The following is an extension of the Mathematica application Quantum Algebra.

The extended version of the application Quantum Algebra can be found here.


The Problem

In my research on quantum physics, I also study the book "Student Friendly Quantum Field Theory" by Robert D. Klauber. This led to the question or idea of ​​whether some of the calculations listed could not be facilitated by Mathematica.

As a Mathematica package to support the calculations, Quantum Algebra seemed to me to be suitable - at least somewhat.
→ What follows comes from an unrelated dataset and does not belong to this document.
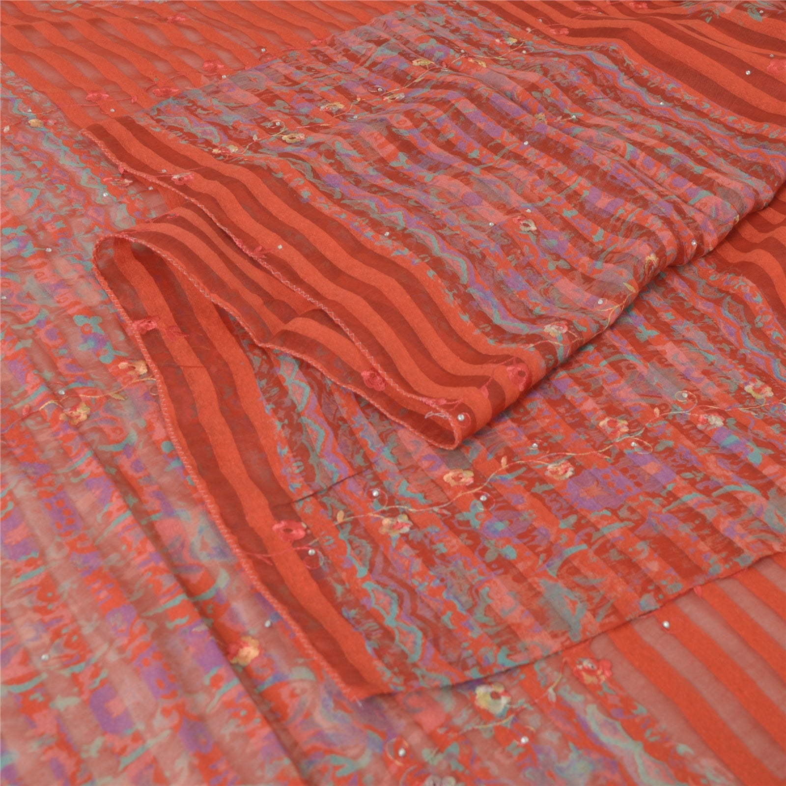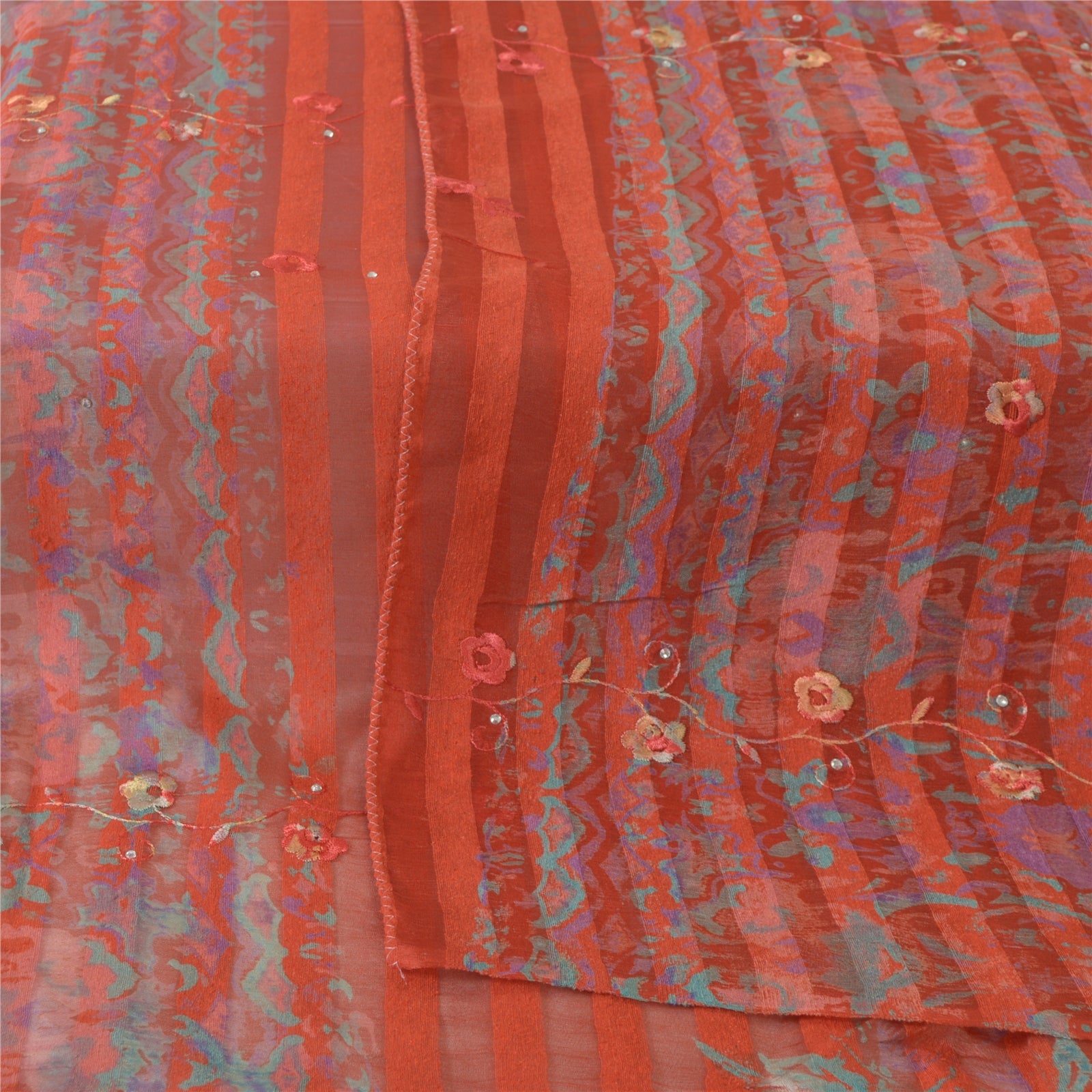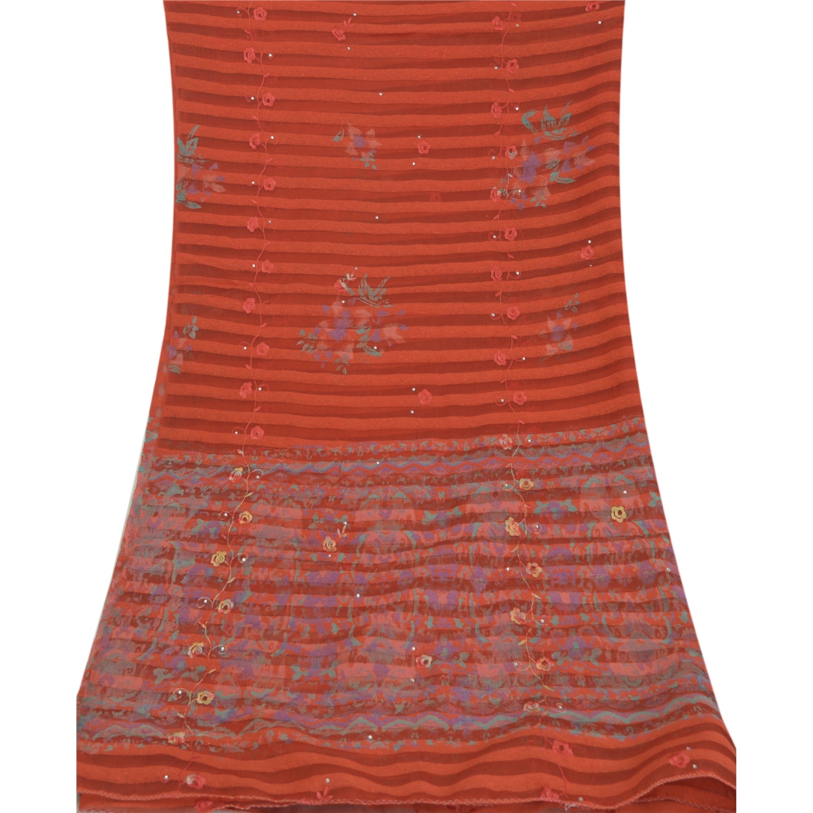 THE ITEM COLOR OR SHADE MAY BE DARKER OR LIGHTER THAN THE PICTURE.Beautiful saffron colored pure silk hand embroidered & printed, woven long scarf/dupatta. Border of dupatta has printed floral design & thread, sequins work. Similar work & woven work in center part of dupatta. This dupatta/stole can be used for various crafting ideas too. Use it for dress designing, as a throw, as window dressing, upholstery, table linen and much more. Let your creative juices flow. These Items are pre-owned and well preserved. They are thoroughly checked before sending but there could be minor wear or tear in the Sustainable Fabric. While these are pre-washed, in case you are buying this for personal wear, we advise getting an additional dry-cleaning done. Dry-clean is $3 extra and will take 3-4 days additionally to ship. If you are using this as a Sustainable Fabric for a project, no additional care needed.

But some of the mathematical symbols used in the book were not supported by Quantum Algebra. Quantum algebra had to be extended. So an extended application resulted. This extension and what it does should be presented below.

Essentially these are summation, integration and derivation symbols, the operator notation already present in the basic package and the support of matrices. All are supported by appropriate rules for simplification and reshaping - just as you would do manually.


Notations

The Quantum Algebra extension uses a number of notations to improve the readability of expressions. They supplement the notations that already exist in the basic package. This also takes into account the need for documentation.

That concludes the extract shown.